In a comedy sketch by the British duo Mitchell and Webb, a couple of Nazi soldiers taking a respite from trench warfare suddenly become self-reflective. They begin to notice that something feels off about their role in the war; the skull and bones on their uniforms are unsettling. Some of the things they’ve heard from the higher-ups bother them. Finally, one looks grave and asks his fellow soldier quietly: “Are we the baddies?”
The bit is funny, not only because it’s unexpected, but because there’s something oddly satisfying about watching someone wake up to reality. There is an important cultural moment right now that illustrates this point. Many religious and political conservatives are watching with fascination (and gratitude) as a small but vocal and credentialed group of secular thinkers challenge major progressive orthodoxies of the day. The spectacle of anti-liberalism liberals, headlined by writers and educators who are themselves far from conservative Christianity, has added a wrinkle to conventional “worldview” categories. They’re liberal “whistleblowers” against the unreality and tyranny of contemporary liberal culture.

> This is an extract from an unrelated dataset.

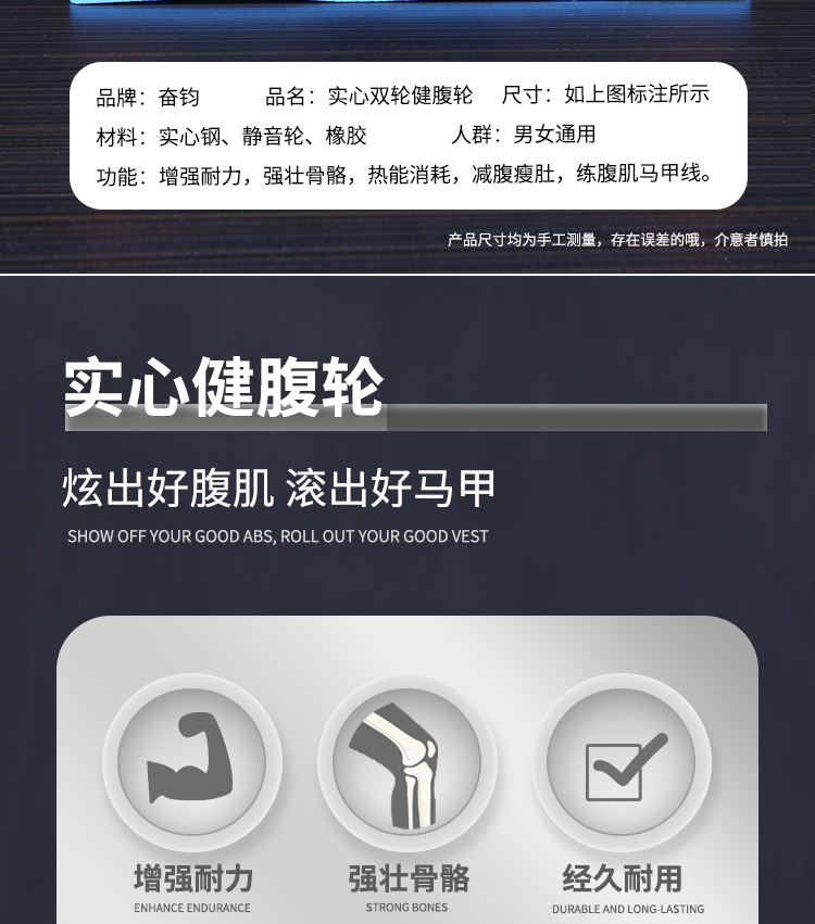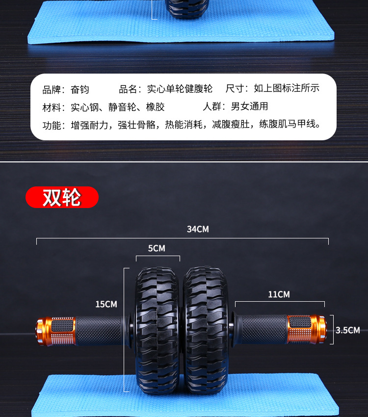 奮鈞二輪/単輪健腹輪男性プロ級腹筋輪軸受単輪家庭用フィットネス運動器材

More than anything, though, the secular revolt against liberalism is a movement toward questions of human nature, the givenness of reality, and the foundation for public and personal flourishing. If Christians can listen carefully and wisely to this fractious moment, we’ll hear the trappings of secularism start to peel off the consciences of many, and an unspoken invitation for something—or Someone—to fill their desire for truth, justice, and mercy.
Anti-Liberalism Liberals
Jordan Peterson, a clinical psychologist and professor turned millionaire author and YouTube sensation, is a kind of philosophical whistleblower. Instead of spilling classified documents about the government, Peterson has blown the whistle on a more formidable target: progressivism. Not that Peterson is a conservative in the classical sense; he is mythological but not religious, a devotee of anti-clerical iconoclasts like Carl Jung and George Orwell. He supports same-sex marriage. In any other era, Peterson would be sorted in a large category of psychoanalysis-wielding, liberalism-assuming secular commentators. But because he finds himself on the wrong side of progressive history on issues like deconstructionist feminism, transgender laws, free speech, and the virtues of capitalism, Peterson is at odds with the elite academic left. He represents a secular revolt against the bastions of secularism.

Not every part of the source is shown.